# Interesting day at my show :/



## thejessiefox (Jul 16, 2010)

My filly is two years old and is fantastic under saddle so far. I've shown her twice before, but state fair is right around the corner and I was trying to fit shows in this weekend and next weekend. I was supposed to show today but a couple things rudely interrupted haha.
I longed Tegan because she'd been in her stall on the grounds all morning and had her fair share of grain. She was fine on the line, so I tacked her up and hopped on to ride. Her jog was really uneven and she wasn't paying attention to me, so I told my boyfriend to close the gate to the warm up arena (where I was riding) and I asked her to lope. We got about half way around when she dead stopped and started bunny hopping. She doesn't buck (I'm not quite sure she knows how to with someone on her back haha), but she will bunny hop on the longe line. She's NEVER done this before when I've been on her. Anyways, she was hopping straight up in the air and reared straight up, came down and hopped again. At that point, I'd lost both stirrups, one of my reins, and was holding on with my thighs. She reared a last time and came down. I looked at my boyfriend and we both laughed for a split second, and she went off into a hopping fit again. 
I realized that with one rein and no stirrups that I needed to bail. I wrapped my arms around her neck and rolled off and landed on my lower back (Im' fine, no worries  it was probably the least worst fall I've had in my lifetime). She just stood there next to me though and looked at me like I was crazy or something.
We put her on the longe and ran the snot out of her. I would have gotten on had there not been severe thunder and slight lightening overhead. She can sense storms and doesn't like them, and I think that had a lot to do with her spunk today. The storm really moved in while we were longing and we brought her back to the stall. We waited around for about a half hour, but the rain had flooded the arena and they cancelled the show. 
I'm kind of bummed. I really wanted to show today, she's been doing so good at home. Oh well :/


----------



## My Beau (Jan 2, 2009)

I'm sorry you had a bad time, but you're filly is only 2 
Give her time to grow up and get used to everything, she's still a growing baby.

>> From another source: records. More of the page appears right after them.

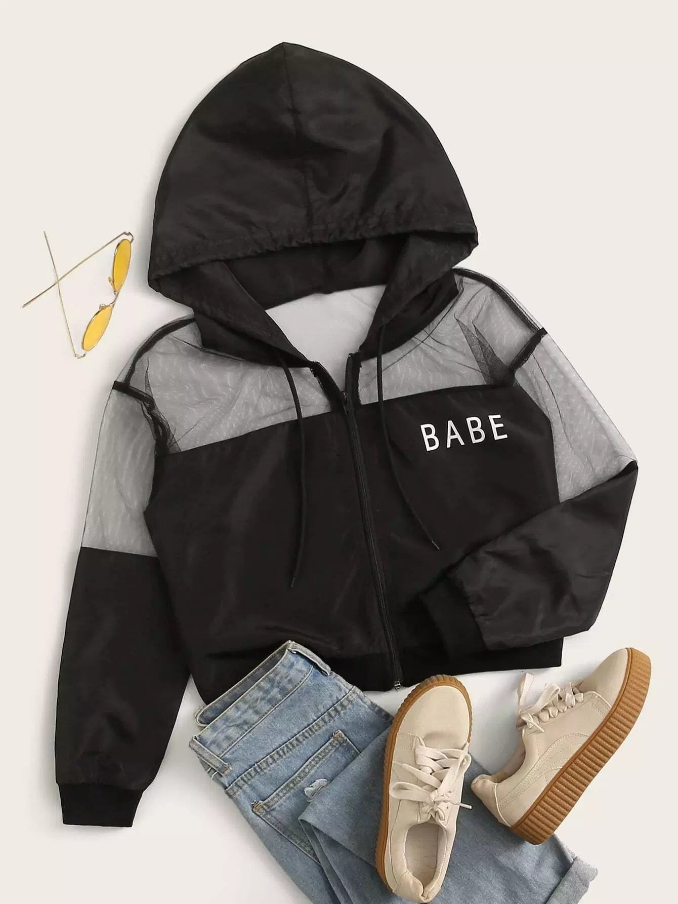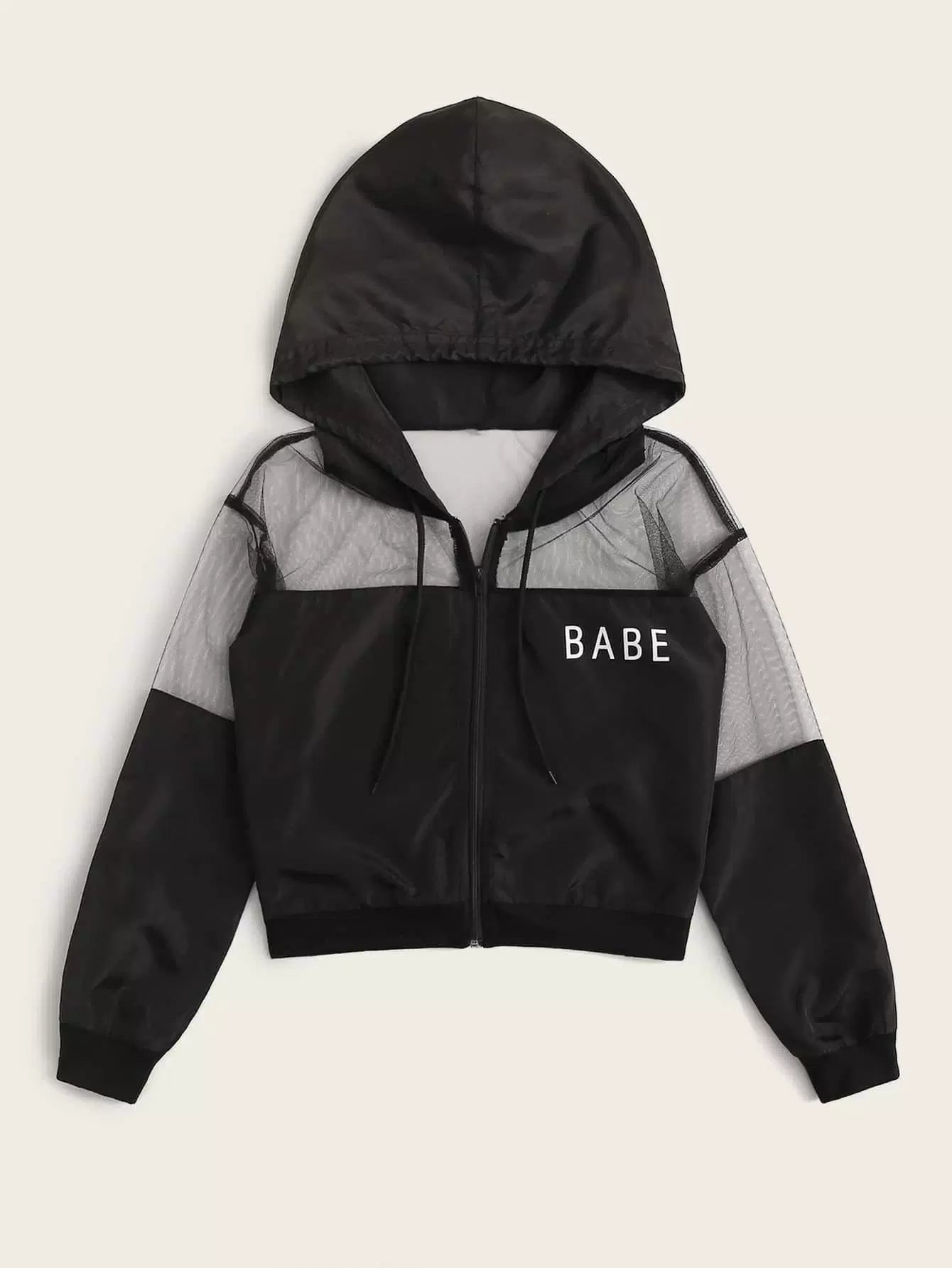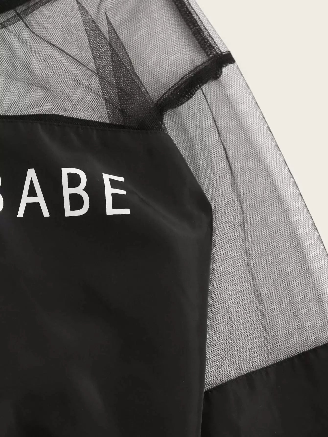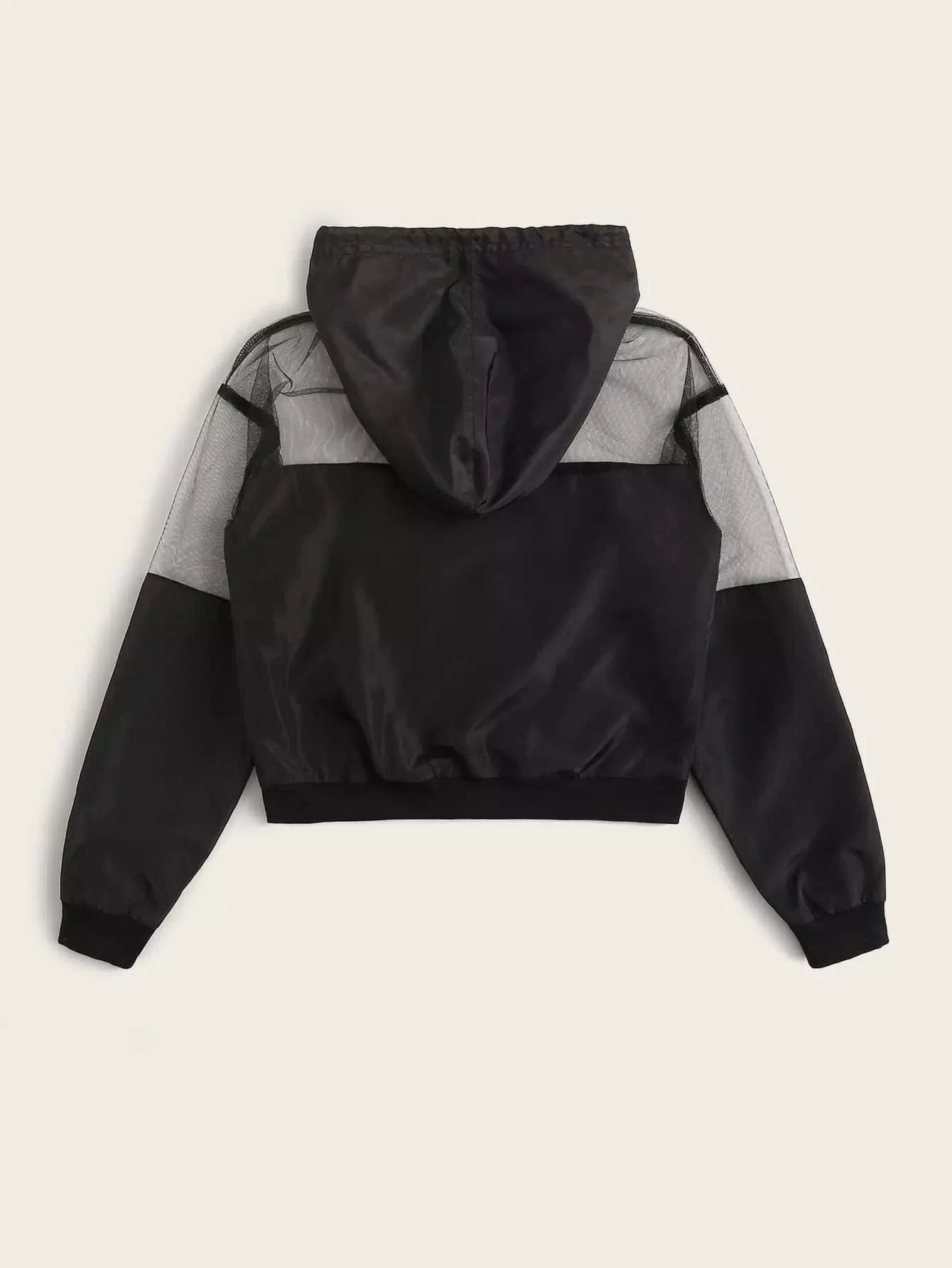 Letter Graphic Mesh Yoke Crop Windbreaker Jacket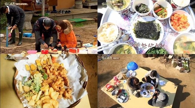 시골에서 만들어 먹는 ‘삼시세끼’ 속 음식 메뉴 또한 화제를 모았다. 달래 된장국, 장칼국수 등 토속적인 메뉴들부터 호떡, 인절미, 염소의 젖을 짜서 만든 리코타 치즈 샐러드, 맷돌로 갈아 만든 커피까지 친근하면서도 새로운 각종 메뉴들이 등장해 시선을 사로잡았다. 이서진과 옥택연은 방송 초반에는 서투른 요리 솜씨로 겨우 끼니를 때우곤 했지만, 날이 갈수록 늘어가는 실력으로 후반에는 겨울을 대비한 김장까지 하는 등 일취월장하는 요리 실력을 보여줬다. 또한 ‘삼시세끼’는 단순히 끼니만 때우는 것이 아니라, 어설프지만 정성이 담긴 음식을 소중한 사람들과 함께 나누어 먹으며 함께 하는 시간을 통해 따뜻함을 선사했다. 게스트였던 김광규, 이승기 등은 직접 수수밭의 수수를 베고, 최지우는 함께 김장을 담그고 가는 등 서로의 온정을 나누는 모습도 훈훈함을 안겼다.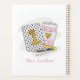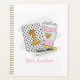 This first grade teacher personalized planner will keep lesson plans in one place. Pattern has white with black polka dot notebook with a gold one, heart coffee, ruler, pen and pencil. This white with black polka dot notebook design can be found on other items in my shop, PageCreativeDesigns.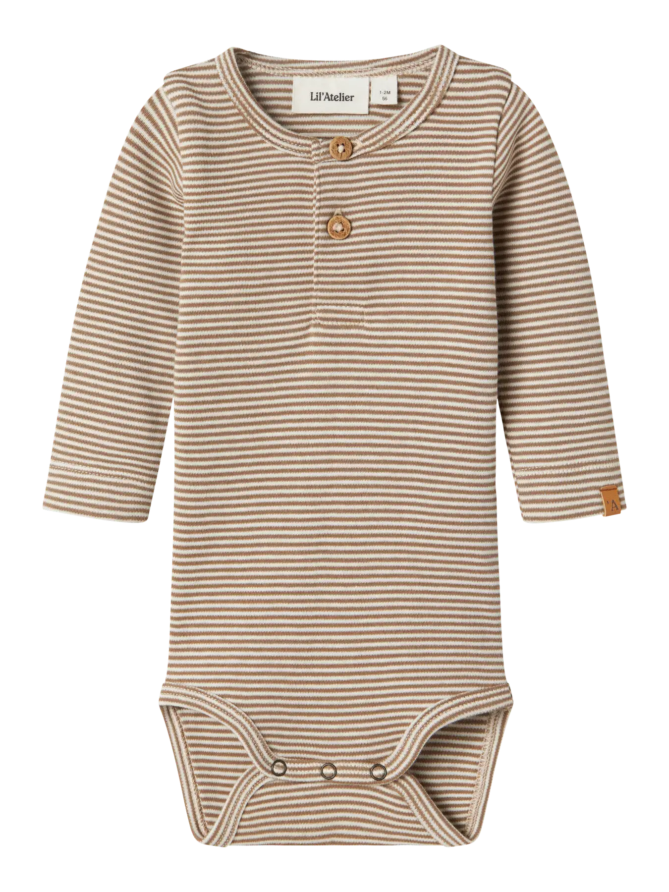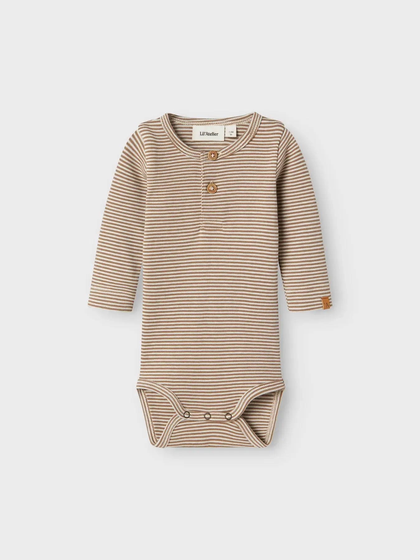 De Ohio LS Slim Body van Lil’ Atelier is een zachte en comfortabele bodysuit voor je kindje. Uitgevoerd in een beige kleur met subtiele bruine/sepia streepjes, wat zorgt voor een tijdloze en stijlvolle look.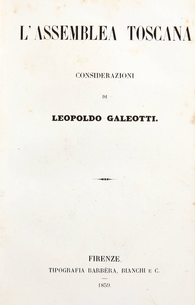 L'Assemblea Toscana. Considerazioni di Leopoldo Galeotti.
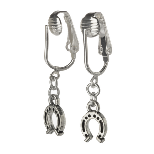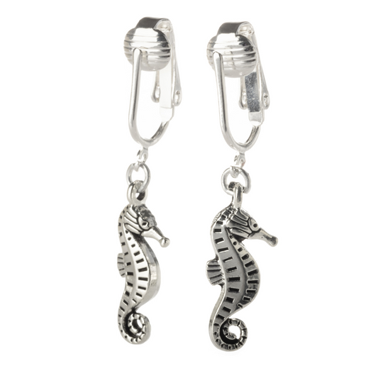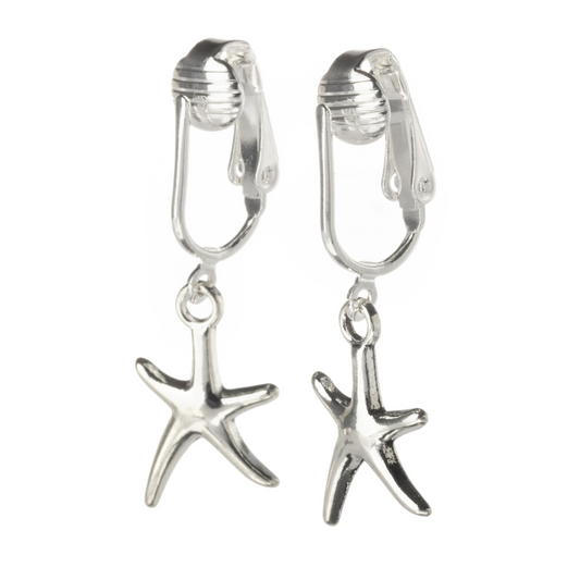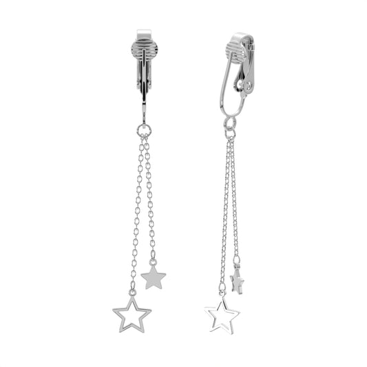 Silver Double Chains with Star Ends Clip On Dangling Earrings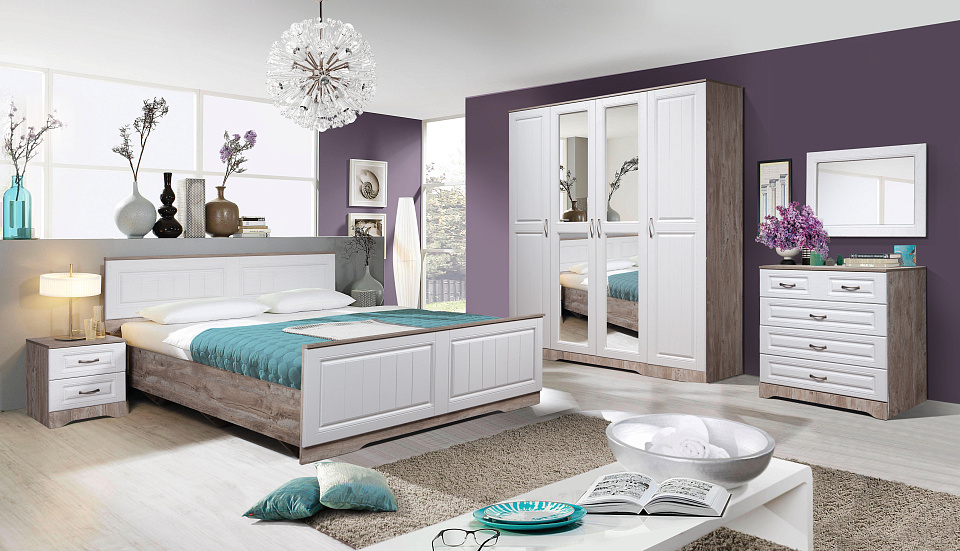 Светлая и просторная спальня Марсела отразит легкость и чувство стиля вашей комнаты. Цвет элементов мебели "дуб полярный" и "дуб юкон" идеально гармонируют друг с другом и характеризуют экологичность комплекта.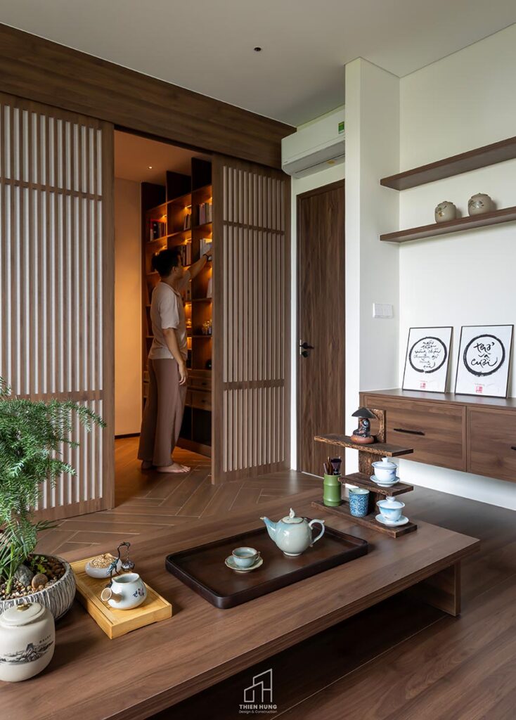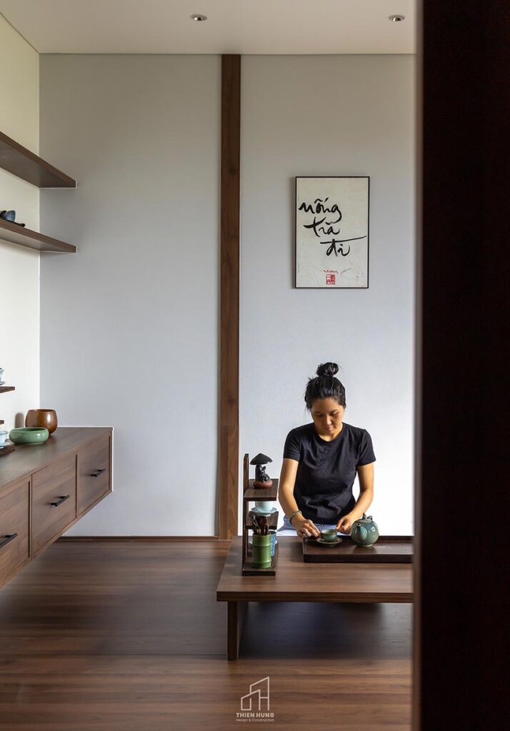 Lên tầng một là hai phòng ngủ: một dành cho vợ chồng, một cho con nhỏ, cùng hai khu vệ sinh được thiết kế gọn gàng và tiện dụng. Tầng ba mở ra khoảng không yên tĩnh với phòng ngủ phụ phía sau, và một không gian trà đạo kết hợp làm việc, nơi gia chủ có thể ngồi thiền, đọc sách hay thưởng trà. Góc thờ nhỏ ở phía trước tầng ba cũng được bố trí hài hòa, vừa trang nghiêm vừa gần gũi.

I don't even back mine til they're 3 and then it's slow, easy work til they're 4.


----------



## thejessiefox (Jul 16, 2010)

Yeah I never forget that she's only two. I show APHA and I don't push her at all. I've ridden her daily for two months and not once has she turned up lame or given me any signs that her joints or legs were hurting her. It's just very unlike her to act the way she did yesterday. I'll have to post a video for people to see her on a normal day. She's pretty mature for two years old. But thank you


----------



## Mickey4793 (Sep 24, 2009)

Hmm, you said it was severely storming and that's why you didn't get back on?

Maybe while you were riding she sensed the storm approaching and that's why she was acting so strangely? I know sometimes if there's a storm approaching my horse has a ton of trouble paying attention to me and has a tendency to act up.


----------



## thejessiefox (Jul 16, 2010)

Yeah, she normally does act up when a storm is about to roll through. I probably shouldn't have gotten on while she was beginning to throw a fit on the longe line, but our class was coming up so I had to get her energy out a little. 
And yes, I didn't get back on because a few minutes after I jumped off it thundered. Had it been a pretty, sunny day I would have been back on it a heartbeat haha. She was her perfect, normal self today though.


----------



## Alwaysbehind (Jul 10, 2009)

Glad you are both OK.




thejessiefox said:


> I don't push her at all.





thejessiefox said:


> I've ridden her daily for two months and not once has she turned up lame or given me any signs that her joints or legs were hurting her.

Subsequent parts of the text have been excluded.